• _What to do_: Within the data that follows, set down exactly the lines from the one containing "Materials and Methods." through the one containing "- Envío y recepción", both ends included.

---------- Data

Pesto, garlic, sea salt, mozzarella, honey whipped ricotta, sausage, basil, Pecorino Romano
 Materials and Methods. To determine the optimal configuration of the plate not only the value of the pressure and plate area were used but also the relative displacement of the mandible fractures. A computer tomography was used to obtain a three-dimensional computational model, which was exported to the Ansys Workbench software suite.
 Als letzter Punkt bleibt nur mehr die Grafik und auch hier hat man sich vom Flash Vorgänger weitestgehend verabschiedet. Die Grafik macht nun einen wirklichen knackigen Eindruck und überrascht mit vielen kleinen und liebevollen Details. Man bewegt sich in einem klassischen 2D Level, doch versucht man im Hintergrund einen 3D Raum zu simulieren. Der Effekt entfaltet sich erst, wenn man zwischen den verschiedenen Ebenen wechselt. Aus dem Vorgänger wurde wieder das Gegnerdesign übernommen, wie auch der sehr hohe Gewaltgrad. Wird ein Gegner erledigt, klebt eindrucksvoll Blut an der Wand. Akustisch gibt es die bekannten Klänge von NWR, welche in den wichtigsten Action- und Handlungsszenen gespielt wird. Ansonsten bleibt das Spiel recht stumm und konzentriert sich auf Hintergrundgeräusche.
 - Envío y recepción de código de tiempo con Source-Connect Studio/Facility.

--------------------
---------- Data

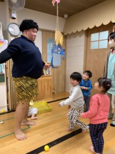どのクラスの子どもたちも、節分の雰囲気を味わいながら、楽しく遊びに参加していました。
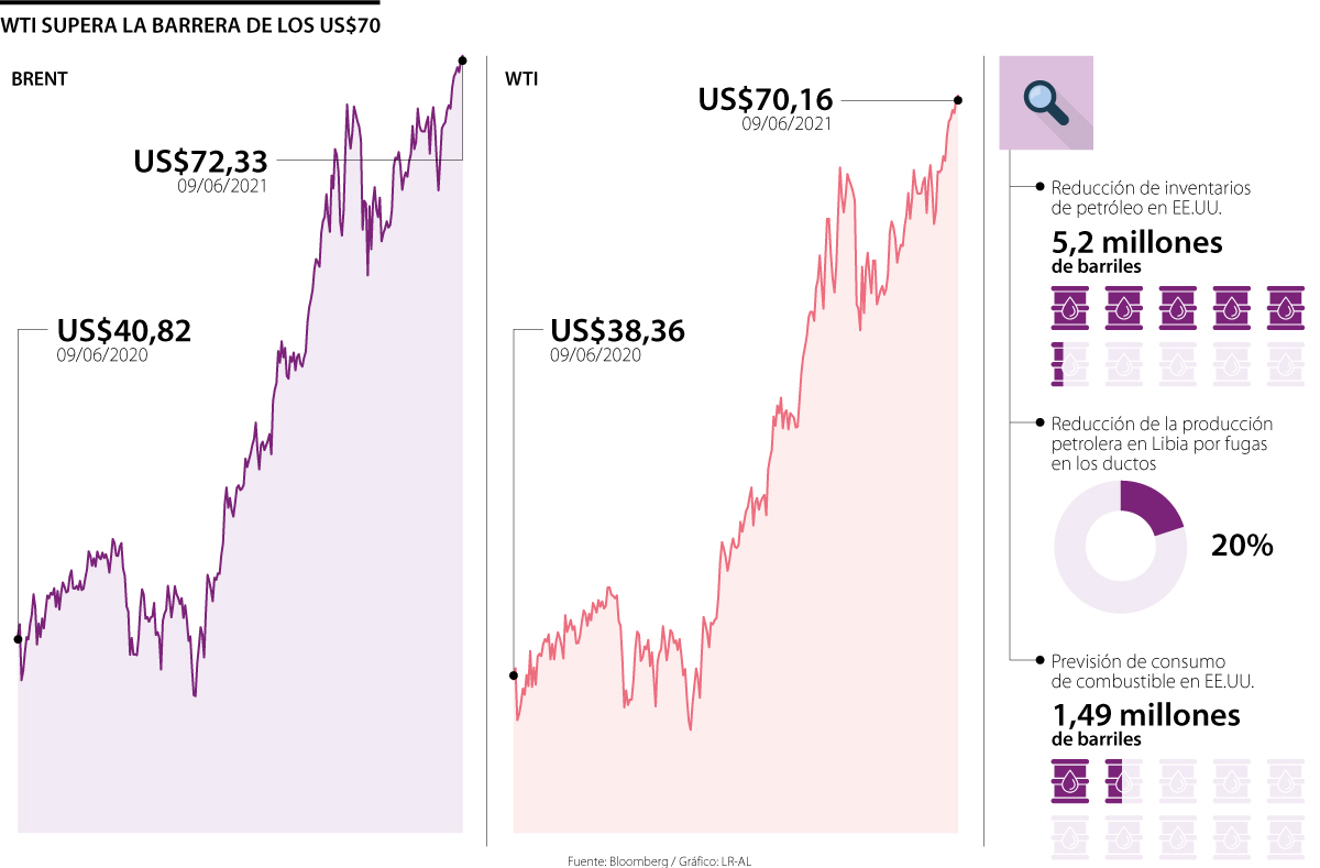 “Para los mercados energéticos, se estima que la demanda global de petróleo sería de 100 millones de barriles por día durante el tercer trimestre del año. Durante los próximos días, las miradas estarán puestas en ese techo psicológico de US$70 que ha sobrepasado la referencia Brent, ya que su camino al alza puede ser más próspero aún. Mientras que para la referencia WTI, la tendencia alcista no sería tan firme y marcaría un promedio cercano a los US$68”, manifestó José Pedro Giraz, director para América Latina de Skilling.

--------------------

• _Reply_:
 Materials and Methods. To determine the optimal configuration of the plate not only the value of the pressure and plate area were used but also the relative displacement of the mandible fractures. A computer tomography was used to obtain a three-dimensional computational model, which was exported to the Ansys Workbench software suite.
 Als letzter Punkt bleibt nur mehr die Grafik und auch hier hat man sich vom Flash Vorgänger weitestgehend verabschiedet. Die Grafik macht nun einen wirklichen knackigen Eindruck und überrascht mit vielen kleinen und liebevollen Details. Man bewegt sich in einem klassischen 2D Level, doch versucht man im Hintergrund einen 3D Raum zu simulieren. Der Effekt entfaltet sich erst, wenn man zwischen den verschiedenen Ebenen wechselt. Aus dem Vorgänger wurde wieder das Gegnerdesign übernommen, wie auch der sehr hohe Gewaltgrad. Wird ein Gegner erledigt, klebt eindrucksvoll Blut an der Wand. Akustisch gibt es die bekannten Klänge von NWR, welche in den wichtigsten Action- und Handlungsszenen gespielt wird. Ansonsten bleibt das Spiel recht stumm und konzentriert sich auf Hintergrundgeräusche.
 - Envío y recepción de código de tiempo con Source-Connect Studio/Facility.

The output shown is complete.